This thread reminds me of when I worked at the Pentagon. One day an air force guy comes up to me and says...
"I just got the CONUS, FIMIR, report from BuPers assigned from HQ and we need to QC this report ASAP before it's delivered to the LT 'cause the whole thing is FUBAR."

That was the day I realized I needed to move on to another job because I understood everything he'd just said. He didn't see the humor in the situation.


----------



## tron3 (Jan 6, 2006)

zespectre said:


> This thread reminds me of when I worked at the Pentagon. One day an air force guy comes up to me and says...
> "I just got the CONUS, FIMIR, report from BuPers assigned from HQ and we need to QC this report ASAP before it's delivered to the LT 'cause the whole thing is FUBAR."
> 
> That was the day I realized I needed to move on to another job because I understood everything he'd just said. He didn't see the humor in the situation.


 
But he got his point across quickly and easily, right? Guys, I know, sometimes less is more...but we are only talking about 4 acronyms here.

EDC, SDC, WDC, and the sometimes used ENC, Everynight carry. I'll start a new thread to start fresh.


----------



## zespectre (Jan 6, 2006)

I guess you don't see the humor in the situation either  
:naughty:


----------



## pcmike (Jan 6, 2006)

:lolsign: I just spit all over my LCD..  Now I gotta go clean it!   

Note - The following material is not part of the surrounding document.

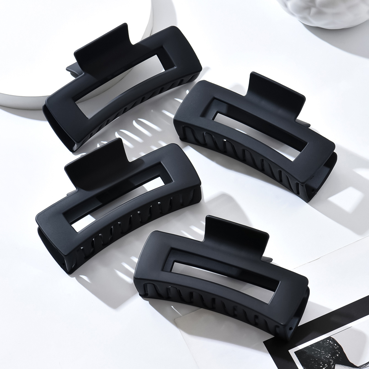 Conjunto de 4 peças Clip de agarramento diário de agarramento diário de agarramento grande preto Clip de agarramento acrílico Clip de agarramento traseiro Clip de cabeça Clip simples de tubarão Adequado para senhoras Clip de Volume de cabelo feminino Fixa

By the way, as of today I'll be EDC'ing my EDC from HDS. :naughty: 



LEDcandle said:


> Yes great leader and inventor, pls lead us onward!  (sorry, no better icon )


----------



## tron3 (Jan 6, 2006)

LEDcandle said:


> Yes great leader and inventor, pls lead us onward!  (sorry, no better icon )


 
http://candlepowerforums.com/vb/showthread.php?t=103467

New thread with the latest definitions.


----------



## *Bryan* (Jan 6, 2006)

zespectre said:


> This thread reminds me of when I worked at the Pentagon. One day an air force guy comes up to me and says...
> "I just got the CONUS, FIMIR, report from BuPers assigned from HQ and we need to QC this report ASAP before it's delivered to the LT 'cause the whole thing is FUBAR."
> 
> That was the day I realized I needed to move on to another job because I understood everything he'd just said. He didn't see the humor in the situation.




Kinda reminds me of Good Morning Vietnam.
The VP is coming but that is on the QT and we better hurry cause the VP is a VIP or we'll all end up on KP...Soemthing like that but it was funny as hell.


----------



## xochi (Jan 6, 2006)

tron3 said:


> But he got his point across quickly and easily, right? Guys, I know, sometimes less is more...but we are only talking about 4 acronyms here.
> 
> EDC, SDC, WDC, and the sometimes used ENC, Everynight carry. I'll start a new thread to start fresh.




In my magnificence I felt that another acronym (even more extra special since we already use the initals for an industry established acronym) was needed, *CNC *or *C*amoflaged *N*on *C*ontribution. Since none of you were able to realize that you really needed this term, I Coineth it on your behalf and that it's use might proliferate and my glory grow I hath defineth it in the *NFT (N*ew *F*resh *T*hread) that is aforementionedeth....


----------



## dim (Jan 6, 2006)

CQ DX
QRZ?
QSL OM
QTH CPF
HI HI
EDC LX3
SDC X03
QRP RR 2AAA
QSL?
QRT

73
dim


----------



## *Bryan* (Jan 6, 2006)

:help: All these acronyms make it impossible to undertsand. I understand a need for "some" acronyms, but I think it's these are just too much. 

I agree it will confuse newbies and stress the need for searching.


----------



## beezaur (Jan 6, 2006)

dim,

Morse is one thing, but. . .

My opinion on the use of acronyms in forums is that it should be minimized. I don't like having to constantly try to decopher what someone means. When I hit a certain point I stop reading the post and skip to something intelligible.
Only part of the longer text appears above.